Finding Perfect (Hopeless, #2.6)(18)
We follow him inside and I set the two suitcases by their front door. “It was good,” I say, looking around. This is so weird. Being here. I feel like I’m about to puke. I can’t imagine how Six feels right now.
There are pictures lining the hallway that leads to the living room. Six and I walk slowly and look at them. Most of them we’ve seen, but some of them we haven’t.
Quinn appears around the corner and she’s exactly how I assumed she would be. Welcoming and happy and full of just as many emotions as Six. She introduces herself and then we’re all just kind of awkwardly standing around.
“Are you ready to meet Matteo?” Quinn asks.
Six blows out a breath, shaking out her hands. “I don’t want to scare him. I have to collect myself.”
“Don’t worry about that,” Graham says. “We’ve spent the first year of his life an emotional wreck. Sometimes we just burst into tears while we’re holding him because we’re so damn lucky.” Graham and Quinn smile at each other.
Graham motions for us to follow them into the living room, where we finally see our son. He’s lying on the floor, surrounded by toys.
Seeing him in pictures was one thing, but seeing him in person is an entirely different experience. Six squeezes my hand and we both gasp. I suddenly don’t feel good enough to be here. Worthy enough.
And now all I can picture is Wayne and Garth, bowing down and chanting, “We’re not worthy. We’re not worthy.” I kind of want to drop to my knees in front of this beautiful little boy and do the same thing.
Quinn picks up Matteo and walks him over to us.
We both start to cry. Six touches his arm with her fingers and then his hair. Then she pulls her hand back and covers her mouth.
“You want to hold him?” Quinn asks.
Six nods, so she hands Matteo over to her. Six pulls him against her chest and presses her cheek against his head. She closes her eyes and just stands there, breathing him in.
It’s fucking beautiful.
I want to take pictures, but that would be weird. I just never want to forget this. This whole damn moment. Seeing Six with our baby. Our happy and healthy and perfect baby. Seeing Six smiling. Seeing that piece of her that’s been missing for so long finally reconnect all the broken parts of her.
We sit down on the couch with him and stare at him and take turns holding him.
“What’s he like?” I ask. “Is he shy? Outgoing? Does he cry a lot? My mom said I was a crier.”
“He’s really friendly,” Graham says. “Like he’s never met a stranger.”
Six laughs. “He gets that from Daniel.”
Graham and Quinn are seated on the sofa opposite us. They don’t look nervous at all about us being here. Quinn is snuggled against Graham, her hand on his chest. They’re both smiling. It’s almost as if a part of them was needing this, too.
“He’s not a crier,” Quinn says. “But he has a good set of lungs on him. Likes to hear himself jabber.”
“He also gets that from me,” I say.
We chat for a while, both of us continuing to take turns with Matteo.
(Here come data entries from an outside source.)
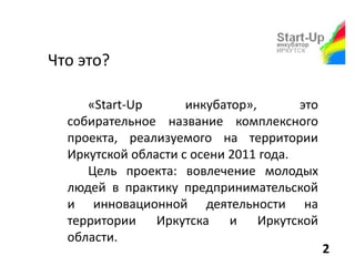 Проект 'start-up инкубатор' в Иркутске, запущенный в 2011 году, направлен на вовлечение молодёжи в предпринимательскую и инновационную деятельность. Он предлагает поддержку начинающим предпринимателям через образовательные мероприятия, инвестирование идей и создание сообществ. В рамках проекта действуют молодёжная организация, управляющая компания и офис коллективного пользования.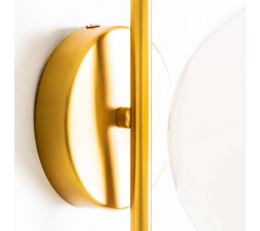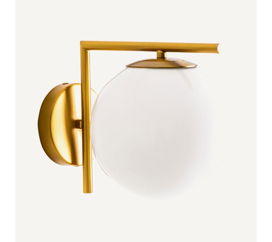 Hľadáte do vašich priestorov svietidlo, ktoré vašej miestnosti dodá dostatok svetla a zároveň ju esteticky doplní? Zaujať vás môže nástenná lampa Sally, ktorá sa pýši elegantným dizajnom v štýle art deco. Lmpa je tvorená zlatou kovovou konštrukciou s okrúhlym skleneným tienidlom bielej farby. Súhra jednoduchých geometrických tvarov, kvalitných materiálov a luxusnej farebnosti vytvára honosný glamour vzhľad. Nástenná lampa Sally vhodne zapadne najmä luxusné art deco spálne, obývačky či pracovne. Odporúčame ju umiestniť na kontrastné tmavé steny, a kombinovať s kovovým či skleneným nábytkom. Do lampy je vhodná žiarovka typu E14 max 25W.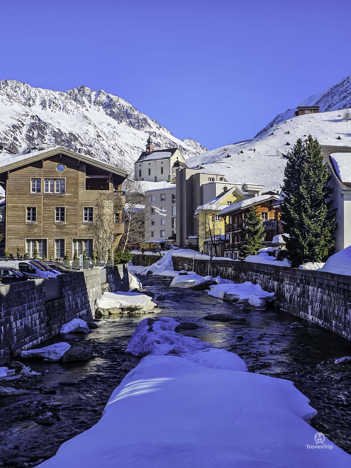 We leave the Glacier Express in Andermatt and have an hour before our next train. We wander around the ski town, seeing St. Peter and Paul’s Church and the beautiful river running through the centre.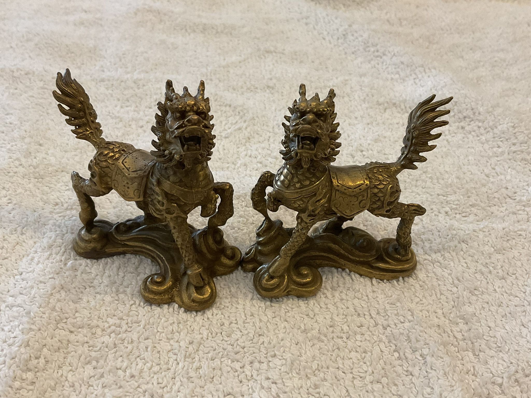 These are a pair of mythical Antique Chinese Bronze Dragons. Kylin Kirin Kilin Chi-Lin Beast Statue Pair. Price is for the pair.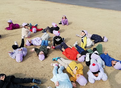 こちらは外遊び。 外は雲ひとつない青空。心地良い天気です。

After we’ve been there for about an hour, Quinn is showing Six an album full of baby pictures.
Graham stands up and stretches out his arms, then drops his hands to his hips. He nudges his head toward the kitchen.
“Wanna help me with dinner, Daniel?”
I stand up, but I feel like I should warn him. “I can try, but I tend to only make the cooking experience worse.”
Graham laughs, but heads into the kitchen anyway, expecting me to follow him. He takes vegetables out of the refrigerator and sets them on the counter. He slides a knife toward me and then rolls a tomato across the island. “Think you can cut a tomato?”
“First time for everything,” I say. I start to cut the tomato while Graham assembles the rest of the salad. I feel like I should thank him, but I’m so awkward when it comes to having sincere conversations. I clear my throat. When he looks at me, I look back down at the tomato I’m butchering. “I can’t thank you enough for doing this for Six.”
Graham says nothing. When I glance up at him, he’s staring at me. He smiles a little and then says, “I didn’t do it for Six. I did it for you.”
That makes me pause.
“When I called you that day on the phone, I was honestly prepared to tell you to take a hike.”
I release the knife and the tomato and then press my palms into the counter. “Really?”
Graham nods as he meticulously chops up an onion. “I had no interest in bringing potential stress into Quinn’s life. I didn’t think it would be good in any capacity to have Matteo’s biological parents in the picture. I’ve seen the stories on the news, in the papers. The devastating custody battles. I didn’t want to open that door. But when I called you…I don’t know. I could hear the desperation in your voice. I could relate to the fact that all you wanted in that moment was to see the woman you loved happy.” He makes eye contact with me across the island. “You reminded me of myself, and what that felt like. The agony that comes along with not being able to take the pain away from the person you love more than yourself.”
Dammit. Maybe it’s the onions. I don’t know. I have to look away from him because I feel my eyes dampen. I grab my shirt sleeve and dab at them. “Those are some strong onions, man,” I mutter.